Intuitive Synthetic Debt
Richard A Graff
Imagine taking out a mortgage to purchase real estate and discovering that you cannot lose your equity in the property if there is a default on the loan. Imagine that the interest rate on the loan is competitive with or better than conventional loans of comparable leverage and maturity.
For corporate buyers, imagine in addition that the accounting treatment of the loan is as good or better than the accounting treatment of conventional loans. Too good to be true? The short answer was 'yes' until recently, but that’s not the whole story.
The short answer was 'yes' simply because of the definition of 'mortgage': a mortgage is debt, and by definition debt must include a claim against borrower assets. Accordingly, buyer equity must risk forfeiture in mortgage finance if there is a default.
The complete answer is 'no,' because the buyer can have property financing with every benefit described above. The only inaccuracy is to view the financing as a mortgage: since buyer equity is not at risk if there is a default, the financing cannot be debt. However, this only means that the financing must be creatively designed equity in the property rather than debt.
Such financings are not hypothetical. Electrum Partners has developed such an equity-based financing instrument, which we refer to as Electrum® synthetic debt.

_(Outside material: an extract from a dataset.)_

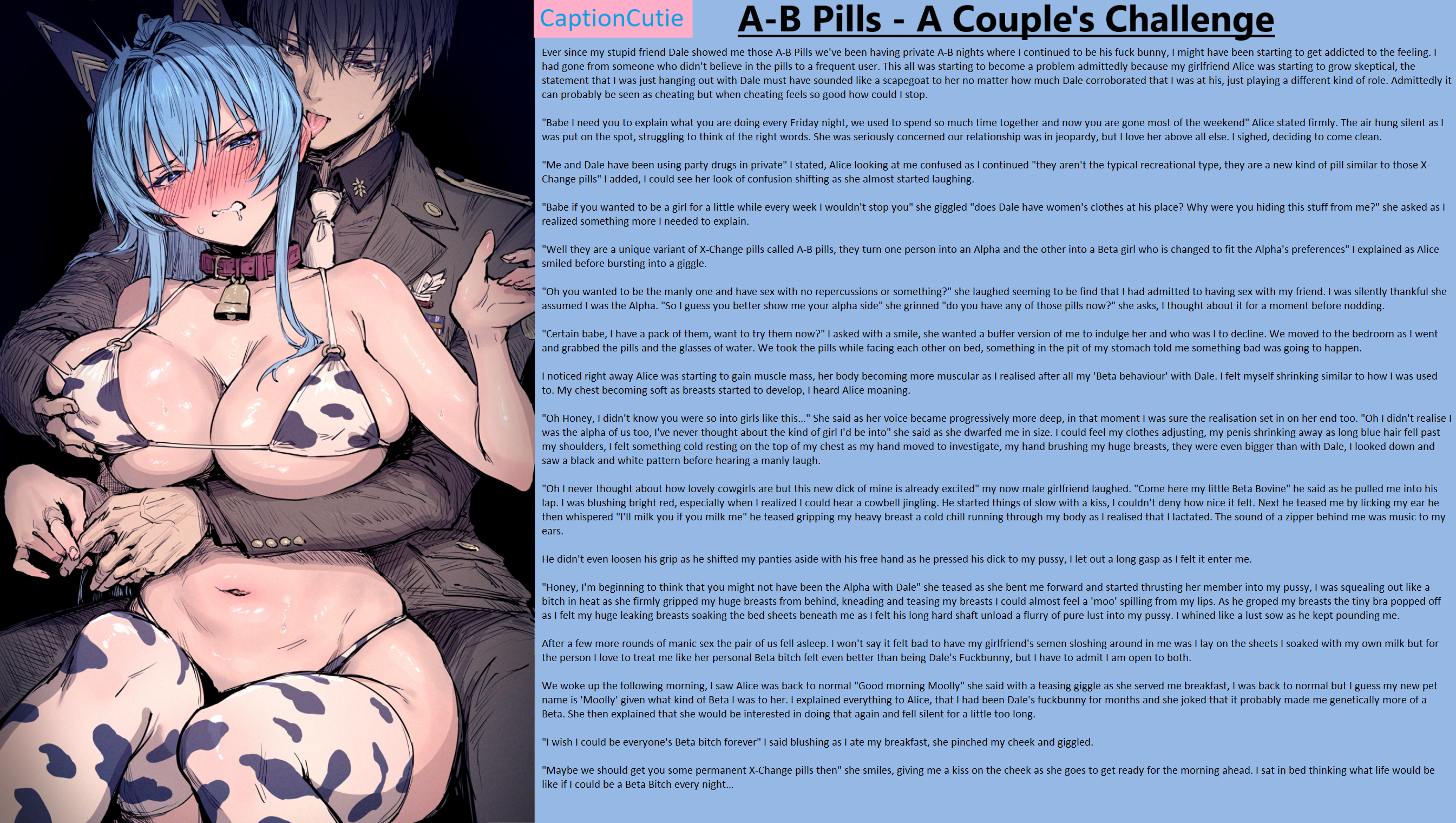 "Oh I never thought about how lovely cowgirls are but this new dick of mine is already excited" my now male girlfriend laughed. "Come here my little Beta Bovine" he said as he pulled me into his lap. I was blushing bright red, especially when I realized I could hear a cowbell jingling. He started things of slow with a kiss, I couldn't deny how nice it felt. Next he teased me by licking my ear he then whispered "I'll milk you if you milk me" he teased gripping my heavy breast a cold chill running through my body as I realised that I lactated. The sound of a zipper behind me was music to my ears.

How does Electrum® finance work? There is no free lunch in finance. There must be some additional feature of the property that allows creative financial engineering to develop a low-risk equity substitute for debt. That feature is the requirement that the property be fully leased.
Electrum Partners hasn't attempted to redefine the concept of a fixed-income obligation. Some entity must be on the hook to satisfy the obligation, just as in the case of conventional property financings. In the case of synthetic debt, that 'entity' consists of the lessee(s) rather than the property buyer. The buyer's equity is not at risk.

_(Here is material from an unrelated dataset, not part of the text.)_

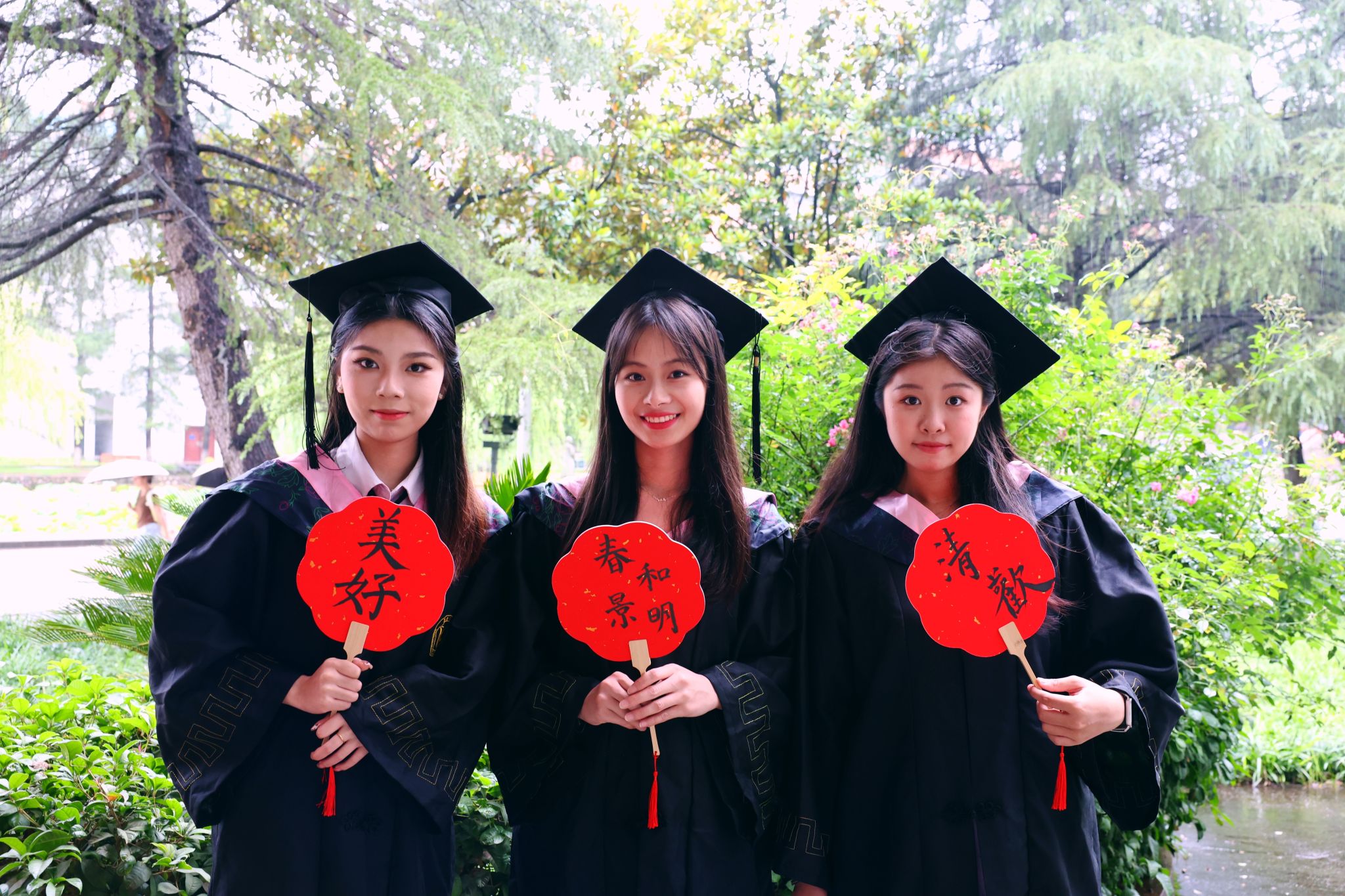 红色,在中国传统文化中象征着吉祥、喜庆与热情,扇子则蕴含着“散”与“聚”的美好寓意,不仅代表毕业时的暂时分离,更寄托着未来重聚的期许。

Leases are analogous to debt in several ways: in both cases, (1) an obligor has a commitment to make specified payments by specified dates, (2) a default can be declared if the obligor fails to make each required payment by the specified time, and (3) the obligor is subject to legal recourse in the event of default.
Proprietary financial technology creates the synthetic debt by enclosing the leases in an equity casing to produce a fixed-income obligation of the lessees with default recourse comparable to the default recourse of lessee debt. The casing does not include any rights with respect to the buyer's equity.
Synthetic debt is a fixed-income obligation that resembles senior lessee debt from the financier perspective rather than real estate debt or buyer debt. Synthetic debt provides the property financier with lease default recourse superior to the lease default recourse of mortgage financiers. The superior recourse gives the financier immediate recourse against lessees in the event of financing default.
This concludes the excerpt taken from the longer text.